Posted: Mon Nov 23, 2009 5:15 am
by pixie
CTZn wrote:As PureSpider said, 0.2 mm is the strict minimal distance between one glass surface and any other type of surface, unless if you are explicitly using the precedence system (for materials using mediums).

But this kind of artifact may also have existed in older Indigo versions (not sure about 1.1.18) with one or the other scene tree building method (there are two), try forcing the other available one by changing bih_tri_threshold (as in the Indigo Technical pdf, page 16):

Given the final polycount for one mesh, a value below that count will enforce one method for the mesh, and vice-versa.

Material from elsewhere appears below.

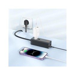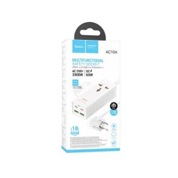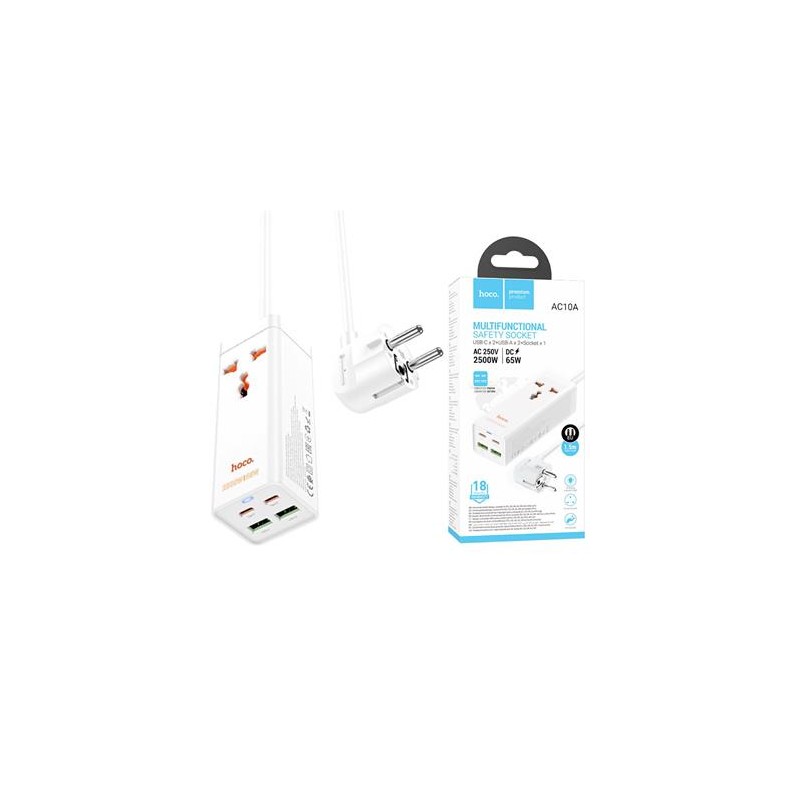 CARGADOR USB Y USB-C 65W ENTRADA MULTIPAÍS HOCO AC10A BLANCOReferencia 4040300887HOCO AC10A Barry PD65W(2C2A con 1 enchufe) cargador de sobremesa(EU)El cargador de sobremesa HOCO AC10A Barry PD65W(2C2A con 1 enchufe) es la solución perfecta para cargar tus dispositivos de manera eficiente y segura. Con su diseño compacto y elegante, este cargador es ideal para uso doméstico o de viaje.Material y dimensionesEl cargador está fabricado con material PC ignífugo, lo que garantiza la máxima seguridad durante su uso. Con unas dimensiones de 117*43*39mm, este cargador es compacto y fácil de transportar. Además, su longitud de línea de 1.5m y un peso total de 342g lo hacen muy conveniente para su uso diario.Características de salidaSalida AC: 10A/250VSalida USB:Tipo-C 1/2: 65W (PD/PPS/QC/FCP/AFC)USB-A 1/2: 18W (QC/FCP/AFC)C1+C2=45W+20WA1+A2=5V/3AC1+A1/A2=45W+18WC1+(A1+A2)=45W+15WC2+A1+A2=5V/3AC1+(C2+A1+A2)=45W+15WDiseño y colores disponiblesEl cargador de sobremesa HOCO AC10A Barry PD65W(2C2A con 1 enchufe) está disponible en dos colores: negro y blanco. Su diseño elegante y minimalista se adapta a cualquier entorno y estilo.

Dunno how it's called in blendigo 1.1.18... in blendigo at all in fact :oops:
This img the glass has no contact wih any other material yet the fireflies, oh the fireflies... :(

Re: Glass errors

Posted: Mon Nov 23, 2009 7:29 am
by CTZn
Hey pixie, you are illustrating one of the weak points of bidir as a technique, wich is -approximatively- when rays have a path similar to:

Code: Select all

light > diffuse > specular > camera
Not "fireflies", but slow convergence in this case.

That's why Indigo comes with a panel of techniques that you can combine to suit your needs :)

Re: Glass errors

Posted: Mon Nov 23, 2009 10:48 pm
by Stur
Why such a thin glass mcm ? It's unrealistic, don't you think ?
You should let the ray nudge distance at its default value and make your glass a little bigger, in my humble opinion.